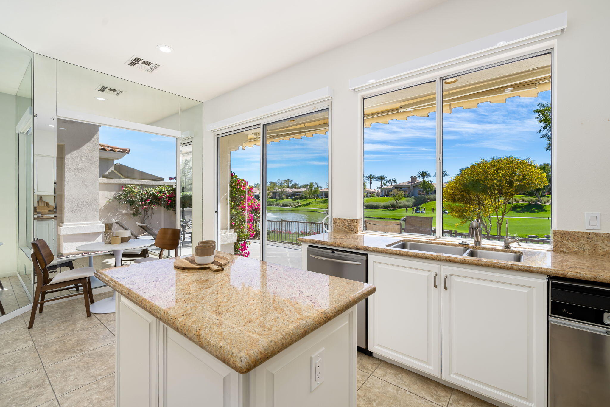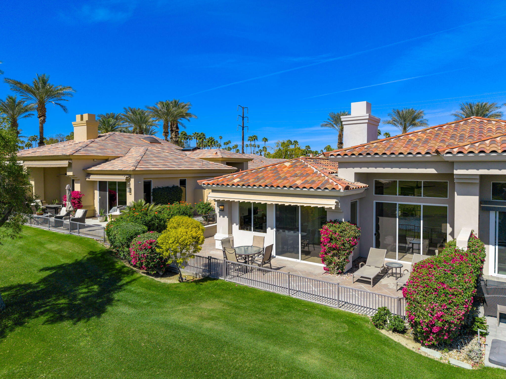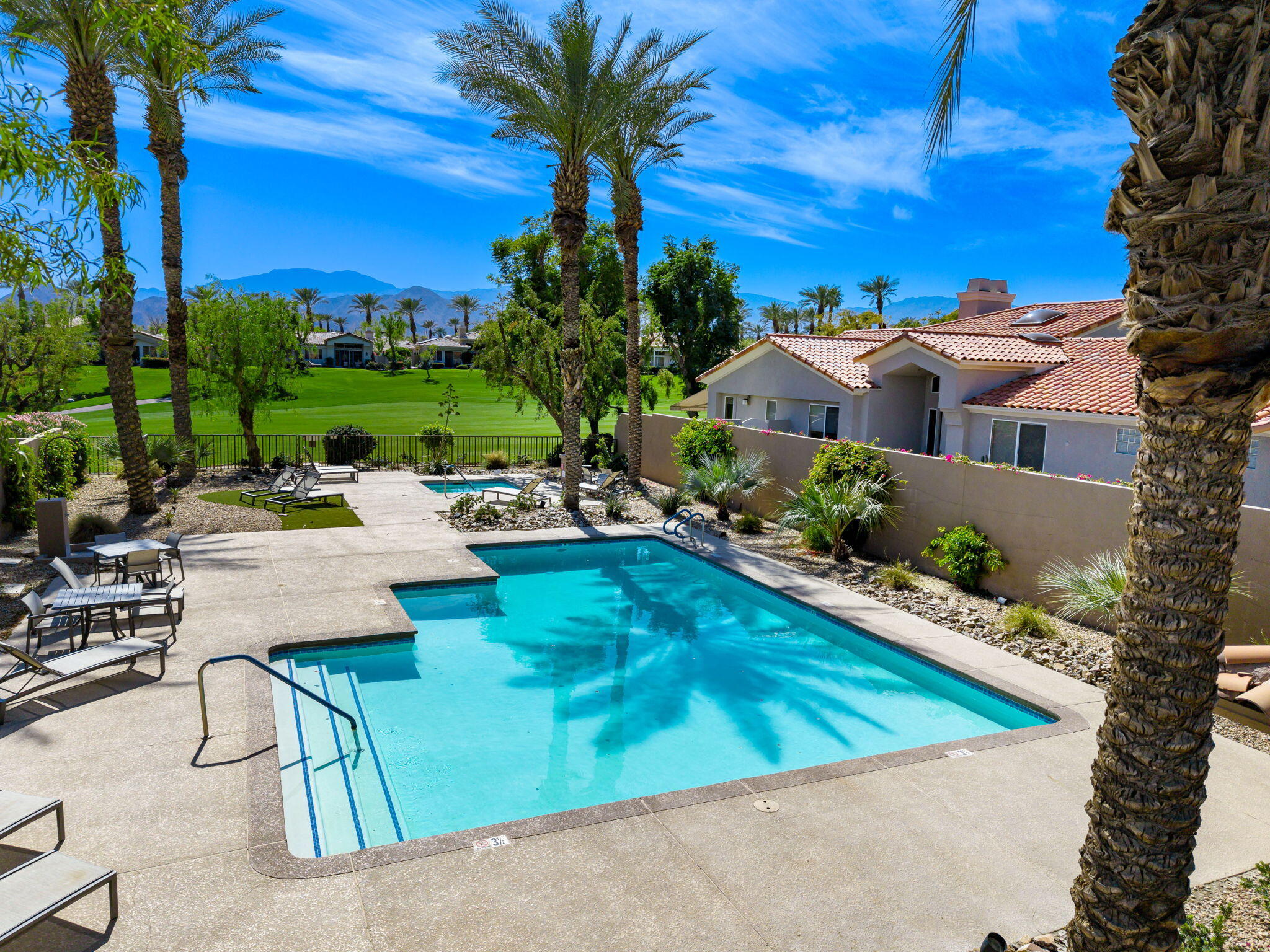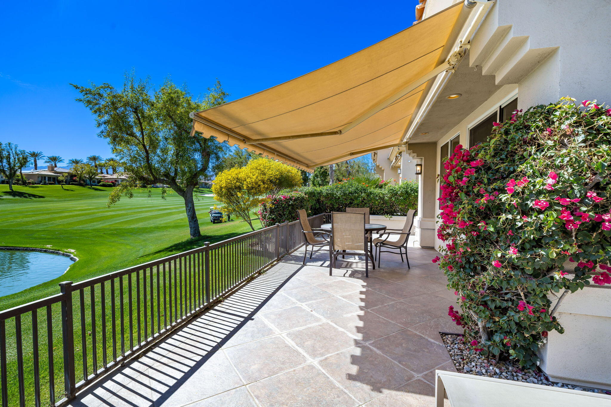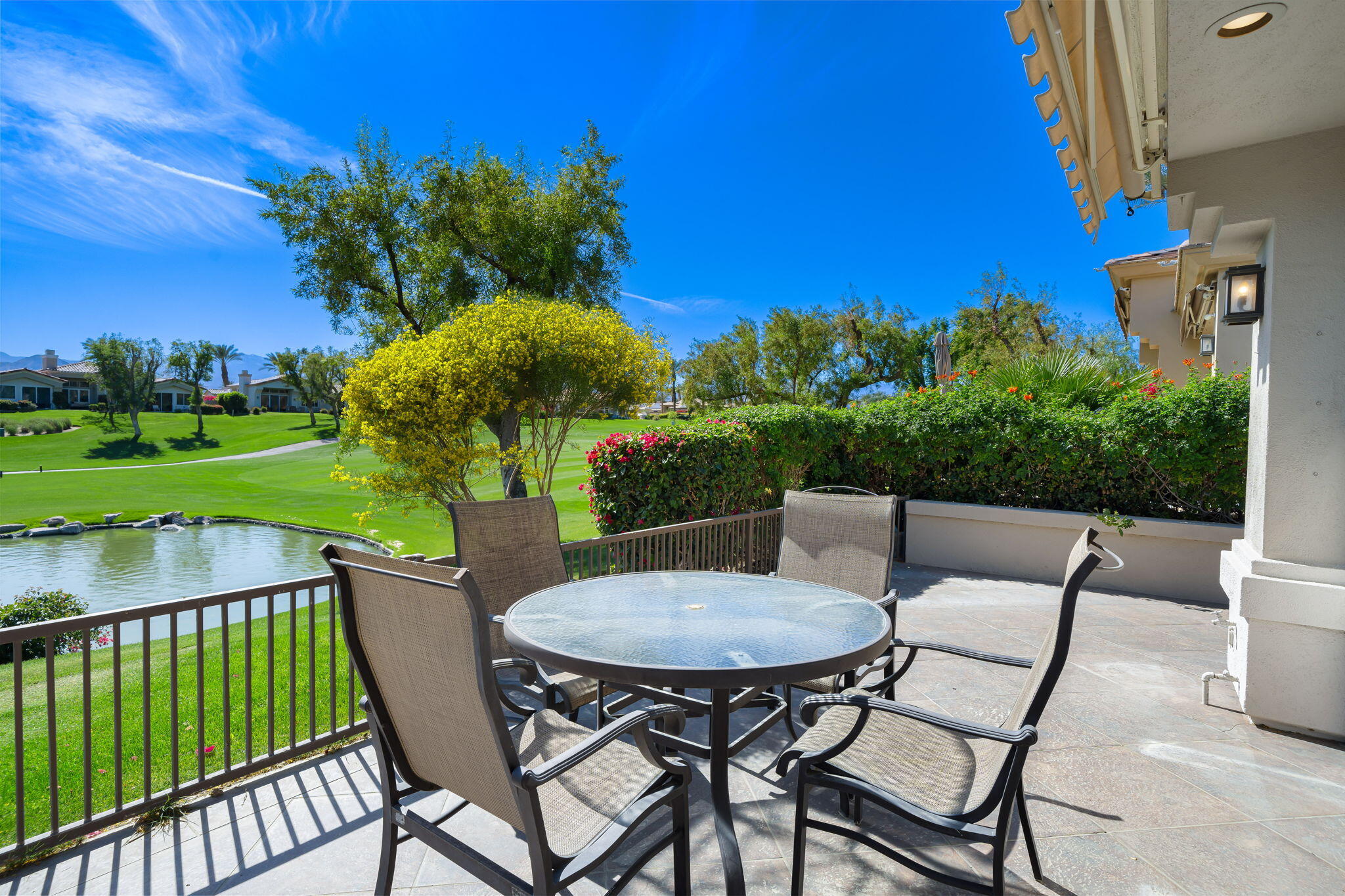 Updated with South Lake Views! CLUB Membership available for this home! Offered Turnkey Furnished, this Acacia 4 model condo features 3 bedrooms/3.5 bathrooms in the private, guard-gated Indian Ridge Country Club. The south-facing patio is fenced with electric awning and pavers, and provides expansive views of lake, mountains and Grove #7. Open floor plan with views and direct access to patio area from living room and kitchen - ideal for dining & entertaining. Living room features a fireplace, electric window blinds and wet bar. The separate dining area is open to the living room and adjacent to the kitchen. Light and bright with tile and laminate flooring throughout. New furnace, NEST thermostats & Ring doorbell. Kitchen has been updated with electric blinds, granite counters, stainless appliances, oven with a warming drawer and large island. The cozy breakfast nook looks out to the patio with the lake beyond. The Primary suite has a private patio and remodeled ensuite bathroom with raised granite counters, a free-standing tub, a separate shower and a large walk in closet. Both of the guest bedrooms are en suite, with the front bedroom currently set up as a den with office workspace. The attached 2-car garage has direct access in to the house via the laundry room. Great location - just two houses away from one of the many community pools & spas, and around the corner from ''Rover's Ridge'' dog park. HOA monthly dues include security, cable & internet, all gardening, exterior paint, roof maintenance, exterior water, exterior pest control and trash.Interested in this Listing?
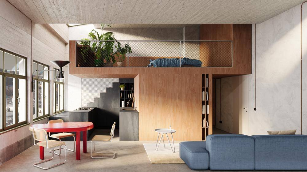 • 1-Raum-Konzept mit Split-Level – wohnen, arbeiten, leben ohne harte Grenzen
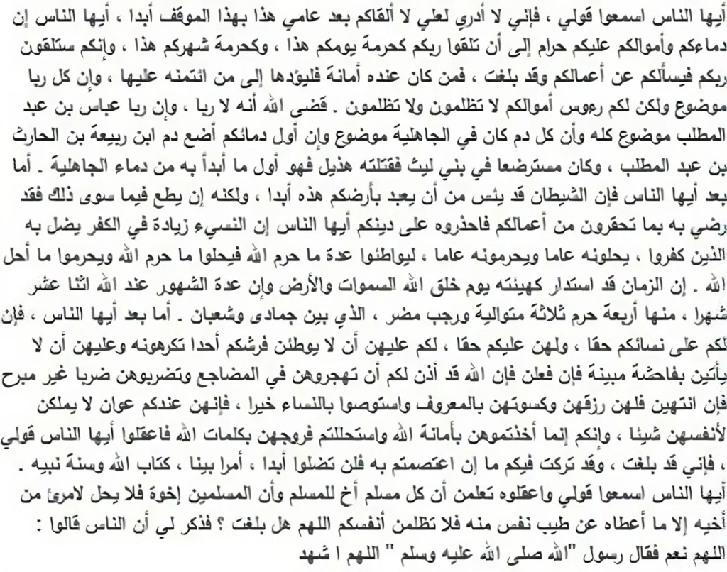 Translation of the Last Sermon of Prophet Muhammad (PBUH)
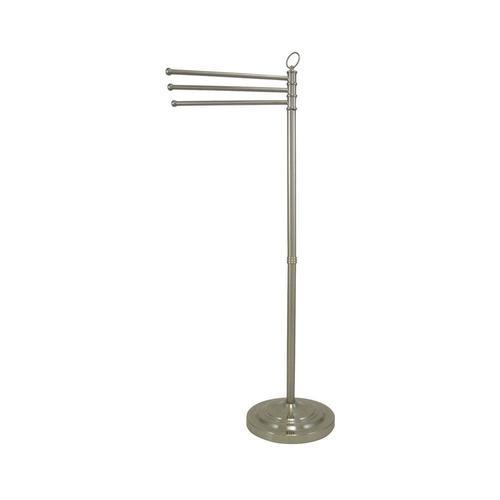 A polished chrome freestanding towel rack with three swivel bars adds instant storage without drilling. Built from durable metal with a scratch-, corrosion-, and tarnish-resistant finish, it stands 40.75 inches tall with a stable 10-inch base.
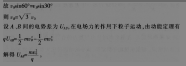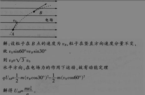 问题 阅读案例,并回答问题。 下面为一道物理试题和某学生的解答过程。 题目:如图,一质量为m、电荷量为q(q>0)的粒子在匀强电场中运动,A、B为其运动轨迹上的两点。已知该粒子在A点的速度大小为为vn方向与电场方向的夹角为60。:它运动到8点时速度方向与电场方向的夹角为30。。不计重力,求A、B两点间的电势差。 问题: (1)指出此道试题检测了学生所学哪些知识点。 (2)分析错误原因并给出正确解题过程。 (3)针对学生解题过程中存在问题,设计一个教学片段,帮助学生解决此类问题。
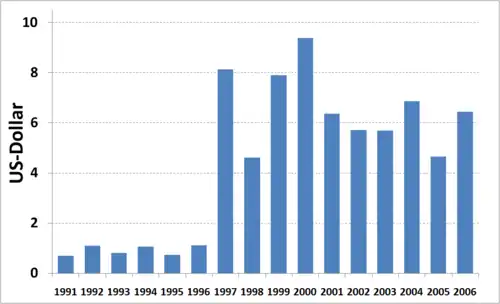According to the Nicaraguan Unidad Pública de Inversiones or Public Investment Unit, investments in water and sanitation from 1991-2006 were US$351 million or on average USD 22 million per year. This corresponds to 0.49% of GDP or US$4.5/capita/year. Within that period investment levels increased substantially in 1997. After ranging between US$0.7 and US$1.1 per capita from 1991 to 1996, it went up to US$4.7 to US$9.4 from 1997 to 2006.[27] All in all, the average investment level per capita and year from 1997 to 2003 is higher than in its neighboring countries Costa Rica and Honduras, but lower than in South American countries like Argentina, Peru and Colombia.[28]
::::
__ACTION ITEM__
Take the material above from the line bearing "ohne harte Grenzen" through the line bearing "Translation of the" and write it out exactly, both end lines included. Pictures stay out.

__EXPECTED ANSWER__
 • 1-Raum-Konzept mit Split-Level – wohnen, arbeiten, leben ohne harte Grenzen
 Translation of the Last Sermon of Prophet Muhammad (PBUH)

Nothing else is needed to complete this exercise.